DATA RECORDS:
[Start of Attachment]

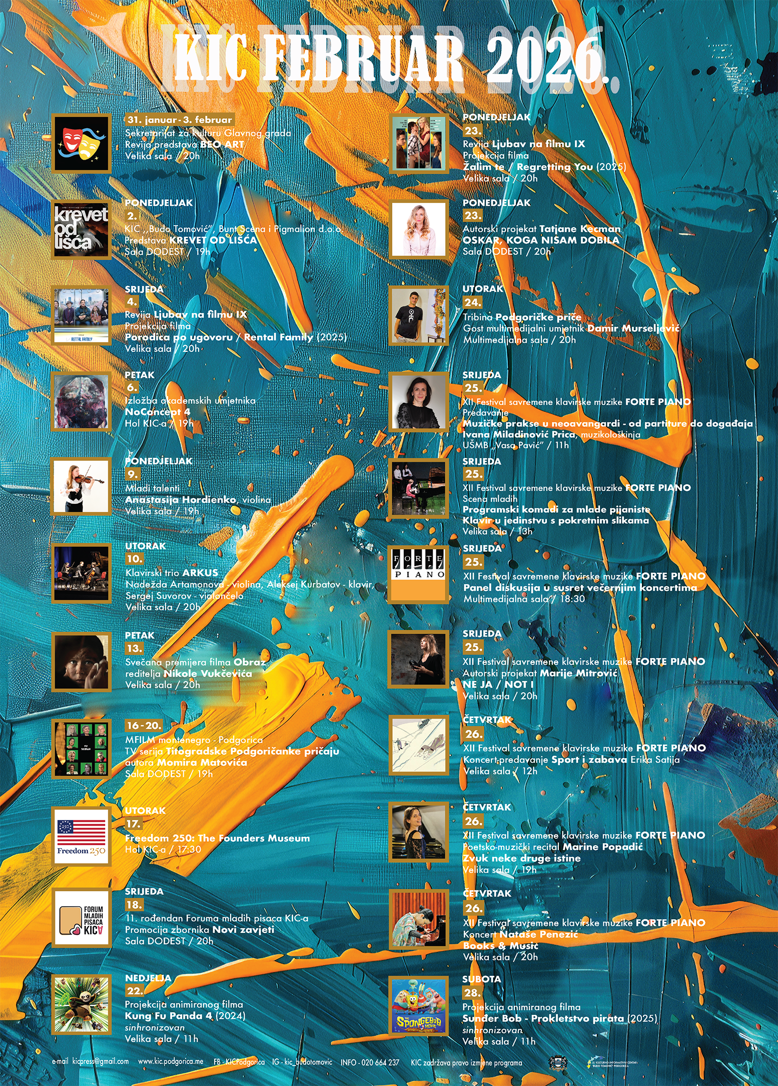 Svečana premijera filma „Obraz“, XII Forte piano, 11. rođendan Foruma mladih pisaca KIC-a…
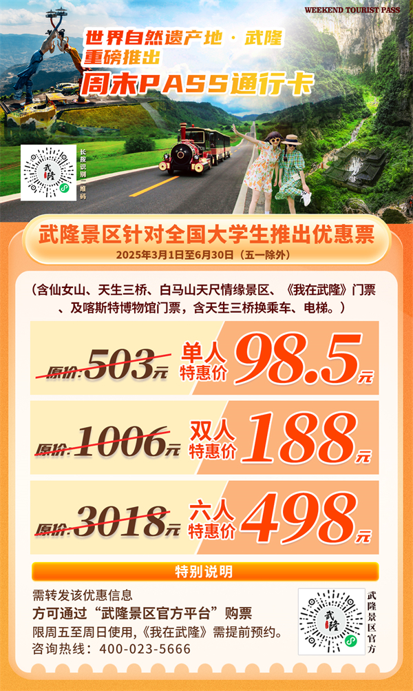 學(xué)生證一亮,折扣低到尖叫!2025年3月1日至6月30日,大學(xué)生周末Pass折扣低至1.7折!單人/雙人/六人套餐隨便挑,六人組團(tuán)最省—每人僅需83元,拿下仙女山+天生三橋(含換乘車、電梯)+白馬山+《我在武隆》演出+喀斯特博物館!周五到周日,甩開書包沖草原,坐電梯穿天生三橋,青春就是要瘋狂省省省+拍拍拍!
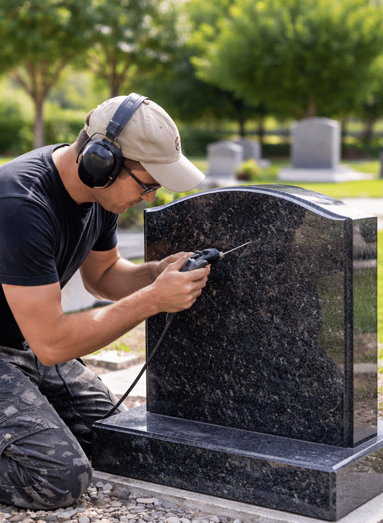 Once approvals are granted, the headstone moves into production. This stage involves:
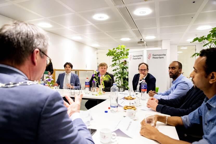 In Haarlem voerden de Koning en de minister eerst gesprekken in stadskantoor Raakspoort. Het eerste gesprek ging over de rol van de gemeente bij de inburgering en vooral bij het aan het werk helpen van statushouders (traject ‘aan de slag’). Het tweede gesprek was met statushouders en hun klantmanagers.
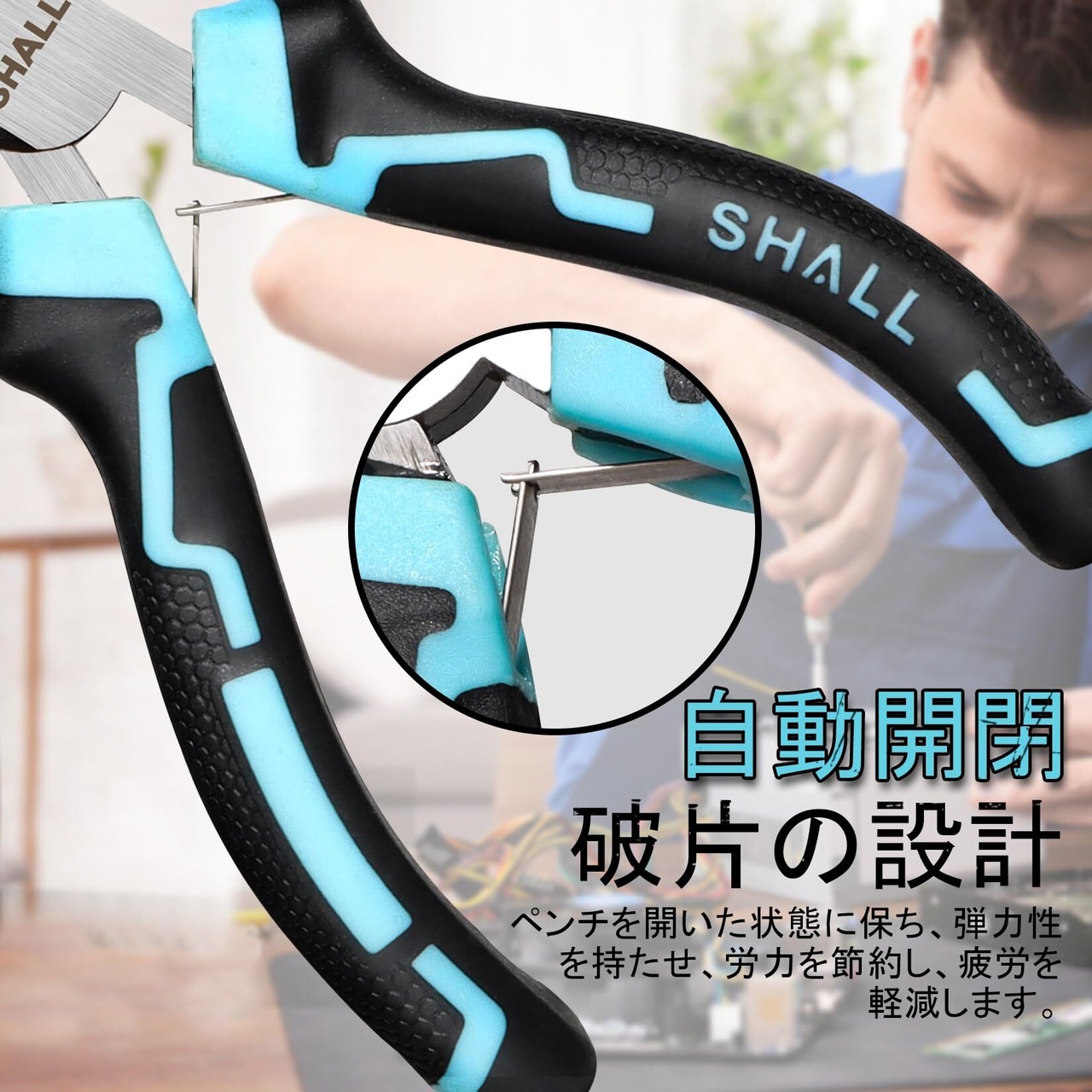 【自動開閉式破片】- SHALL プライヤーセットには、プライヤーを自動的に開いた状態に保つためのスプリング破片が 2 つ装備されており、ハンドルを握ったり握ったりするときに多くの労力を節約します。

[End of Attachment]

EXERCISE AIM: When you copy the entries above, reproduce each line exactly and leave out any pictures.

EXPECTED ANSWER:
 Svečana premijera filma „Obraz“, XII Forte piano, 11. rođendan Foruma mladih pisaca KIC-a…
 學(xué)生證一亮,折扣低到尖叫!2025年3月1日至6月30日,大學(xué)生周末Pass折扣低至1.7折!單人/雙人/六人套餐隨便挑,六人組團(tuán)最省—每人僅需83元,拿下仙女山+天生三橋(含換乘車、電梯)+白馬山+《我在武隆》演出+喀斯特博物館!周五到周日,甩開書包沖草原,坐電梯穿天生三橋,青春就是要瘋狂省省省+拍拍拍!
 Once approvals are granted, the headstone moves into production. This stage involves:
 In Haarlem voerden de Koning en de minister eerst gesprekken in stadskantoor Raakspoort. Het eerste gesprek ging over de rol van de gemeente bij de inburgering en vooral bij het aan het werk helpen van statushouders (traject ‘aan de slag’). Het tweede gesprek was met statushouders en hun klantmanagers.
 【自動開閉式破片】- SHALL プライヤーセットには、プライヤーを自動的に開いた状態に保つためのスプリング破片が 2 つ装備されており、ハンドルを握ったり握ったりするときに多くの労力を節約します。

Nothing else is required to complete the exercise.